And so if we look at this number, 80%,
is that 80% on a good day, or that is 80% on a bad day?
It could just be through sheer randomisation.
Some of the test set could have just been easy to classify.
And the harder to classify was not in that test set.
So to avoid that, what we’re going to do
is we’re going to build 10 models
in this cross-validation module.
So first of all, I’m not going to trust any number that comes
out of this evaluate module.
I’m going to be skeptical and I’m
going to do a cross-validation check on that number.
So this model claims that it will
get me an 80% accurate model.
This cross-validation is basically
like a separate dipstick test.
So notice it’s reading from the same algorithm,
the same dataset, the same everything, because I
want to test all of the current conditions.
So if I visualize this cross-validation module,
it’s going to go ahead and build me 10 models.
It’s going to take my dataset, chop it up 10 times,
and build a model on a different partition every time,
and train on a different partition
every time, until I see my entire dataset.
And we can go ahead and see in the accuracy,
this is a table that goes ahead and summarizes how the model is
going to do on each and every single bit
of each cross-validation.
So notice that when it went to here,
on fold 7, so basically it trained on every fold except 7,
and then tested on fold 7.
And now we’re in a situation where the model only
got 66% accuracy on that.
I think that’s very bad.
So notice that the model was actually–
that 80% seems to have been on a good day.
So it’s 82, 89, I think that’s pretty good.
But you notice that the model is jumping around.
It is not a stable model.
So this is a model that can eventually, probably betray us,
it could fool us into thinking that it’s a good model,
but we deploy it and then we start
losing a lot of money based upon these predictions
because we’re wrong a lot.
So you noticed that so on average
the model will get 80% when we retrain it.
And the standard deviation from the mean is about 6% here,
so that is a very high standard deviation model.
So if you do two times the standard deviations,
it’s about plus or minus 12.
So the model will be anywhere between 68% and 92% accuracy.
So remember we don’t want to care or get attached
to any individual model.
We want to– we’re basically evaluating a process
based upon our methodologies.
Will this methodology produce me a good model every time?

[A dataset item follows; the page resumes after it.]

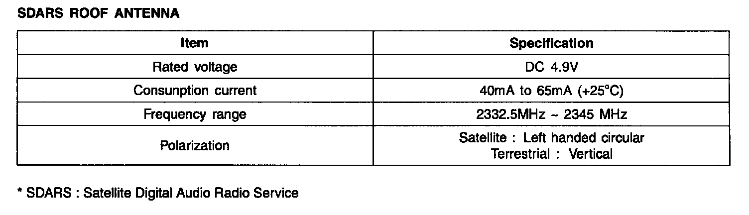 SDARS Roof Antenna - Specification:

So the idea is, I don’t care about the individual sharpness
of a single knife or a blade, I care about,
what cross-validation cares about
is, it cares that the factory goes ahead and produces
a sharp blade every time.
I don’t care about the individual sharpness
of a blade, I care about the overall sharpness
of all the blades come out of this factory.
And the same thing is true of this machine.
So that tells me first of all, that this is not a good model.
It’s a very unstable model.
So I would go back to the drawing board.
I would engineer more features and I would build–
I would go ahead and build better tuning functions,
maybe use a different parameter for the algorithm,
maybe use a different algorithm altogether.
But the idea is once I’m happy with the standard deviation
in the cross-validation, once it’s low enough,
I can go ahead and decide that I want to deploy this model.
So deployed means I want to use it on my production data.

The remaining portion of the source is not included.